Calling Rep. Patrick Murphy (D-Penn.) ”a tireless champion” for the repeal of the ”Don’t Ask, Don’t Tell” policy, Servicemembers Legal Defense Network spokesman Kevin Nix pointed to the work and progress made on repeal since the veteran took over the efforts in the House as the reason he will be serving as the keynote speaker at Saturday’s SLDN Annual National Dinner.
The dinner, which will be the group’s 18th, will follow a day in which members and supporters of SLDN will be lobbying for repeal efforts on Capitol Hill and a week in which the commitment of White House repeal of the policy in 2010 was called into question by Rep. Barney Frank (D-Mass.).
SLDN’s longtime efforts opposing the policy will be highlighted repeatedly this week, as two of the group’s clients will be testifying on Thursday, March 18, before the Senate Armed Services Committee. Michael Almy is a former major in the U.S. Air Force, and Jenny Kopfstein is a former lieutenant junior grade in the U.S. Navy. Both are Iraq/Afghanistan veterans discharged under ”Don’t Ask, Don’t Tell.”
Of the 28 members of the Senate Armed Services Committee, only five are signed onto the Senate’s ”Don’t Ask, Don’t Tell” repeal bill. They are Sen. Joseph Lieberman (I-Conn.), the bill’s lead sponsor; Committee Chair Carl Levin (D-Mich.); Sen. Mark Udall (D-Conn.); Sen. Roland Burris (D-Ill.); and Sen. Jeff Bingaman (D-N.M.).
Of Friday’s efforts, Nix said that at least 130 people will be visiting 80 offices to push for a repeal of the policy this year. And though Murphy will serve as the keynote speaker at Saturday’s dinner, Nix was quick to point out, ”This dinner is all about the veterans.” He noted that Almy, Kopfstein and several other veterans impacted by ”Don’t Ask, Don’t Tell” will be represented on the dais at the dinner.
Aubrey Sarvis, SLDN executive director, said of the Senate testimony by Almy and Kopfstein, ”Both were dedicated and skilled members of their units, who should not have been kicked out. Men and women like them every day continue to be fired, which is why we urge DADT repeal to be included in the defense authorization bill in a matter of weeks.”
Also testifying will be retired U.S. Marine Corps Gen. John J. Sheehan, who will testify in support of the current policy. SLDN reports that Sheehan retired from the military 13 years ago.
The question of whether, when and how the policy will be repealed was front and center earlier this week, when Rep. Frank told reporters that he was ”disappointed with the administration talking about delaying legislation for a year” and that the White House has been ”ambiguous” about whether it supports legislative repeal of the policy this year.

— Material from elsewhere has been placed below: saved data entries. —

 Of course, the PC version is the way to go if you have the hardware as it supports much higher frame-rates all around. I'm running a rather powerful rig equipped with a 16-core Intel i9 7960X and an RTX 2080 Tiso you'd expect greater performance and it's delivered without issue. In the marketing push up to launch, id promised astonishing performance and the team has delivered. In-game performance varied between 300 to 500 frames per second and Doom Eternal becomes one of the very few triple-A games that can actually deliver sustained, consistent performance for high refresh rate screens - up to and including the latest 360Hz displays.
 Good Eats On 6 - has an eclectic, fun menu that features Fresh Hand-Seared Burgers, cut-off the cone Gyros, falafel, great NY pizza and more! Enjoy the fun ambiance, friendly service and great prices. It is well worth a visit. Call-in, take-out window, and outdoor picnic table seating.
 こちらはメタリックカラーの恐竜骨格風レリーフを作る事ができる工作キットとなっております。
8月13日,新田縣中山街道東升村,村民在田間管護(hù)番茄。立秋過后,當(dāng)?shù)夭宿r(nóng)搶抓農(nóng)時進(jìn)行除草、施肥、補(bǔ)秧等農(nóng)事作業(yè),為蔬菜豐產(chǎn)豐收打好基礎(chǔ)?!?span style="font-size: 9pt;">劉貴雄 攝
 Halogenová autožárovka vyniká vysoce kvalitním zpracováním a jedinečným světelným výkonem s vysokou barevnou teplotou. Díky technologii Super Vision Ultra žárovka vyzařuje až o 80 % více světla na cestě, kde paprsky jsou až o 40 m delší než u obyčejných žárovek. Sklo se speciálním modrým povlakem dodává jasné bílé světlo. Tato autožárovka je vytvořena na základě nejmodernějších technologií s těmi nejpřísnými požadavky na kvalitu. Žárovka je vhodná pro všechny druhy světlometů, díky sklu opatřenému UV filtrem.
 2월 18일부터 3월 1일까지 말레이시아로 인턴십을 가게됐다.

The Palm Center’s Nathaniel Frank expressed concern on Tuesday about the statements, saying, ”Some of us have been wondering for a while if the President’s tepid leadership on ‘Don’t Ask, Don’t Tell’ was an issue of the White House not wanting to put political capital behind this or if they just didn’t want this to happen this year.

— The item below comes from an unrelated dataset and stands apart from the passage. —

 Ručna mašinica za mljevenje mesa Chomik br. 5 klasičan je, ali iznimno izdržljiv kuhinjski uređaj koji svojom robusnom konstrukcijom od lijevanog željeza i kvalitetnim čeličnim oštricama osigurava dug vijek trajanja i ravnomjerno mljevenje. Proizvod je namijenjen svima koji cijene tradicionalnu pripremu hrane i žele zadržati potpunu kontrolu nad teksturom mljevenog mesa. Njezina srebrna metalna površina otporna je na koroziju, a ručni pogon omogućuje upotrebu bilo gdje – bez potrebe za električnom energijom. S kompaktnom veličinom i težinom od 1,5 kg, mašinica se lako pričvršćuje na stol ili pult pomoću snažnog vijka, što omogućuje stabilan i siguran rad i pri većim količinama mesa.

”You put this together with a year-long study period” that has been put in place by Defense Secretary Robert Gates, said Frank, ”and you begin to pile up evidence that the White House is not wanting to see repeal in 2010.”
SLDN’s Nix said there was one clear way the administration could show its support. ”We would be look for the White House to show its commitment,” he said, ”by including repeal in the Defense Authorization bill.”
The Palm Center’s Frank went further, saying, ”As Barney Frank has suggested, there is a muddled message here. And that doesn’t help Democrats.”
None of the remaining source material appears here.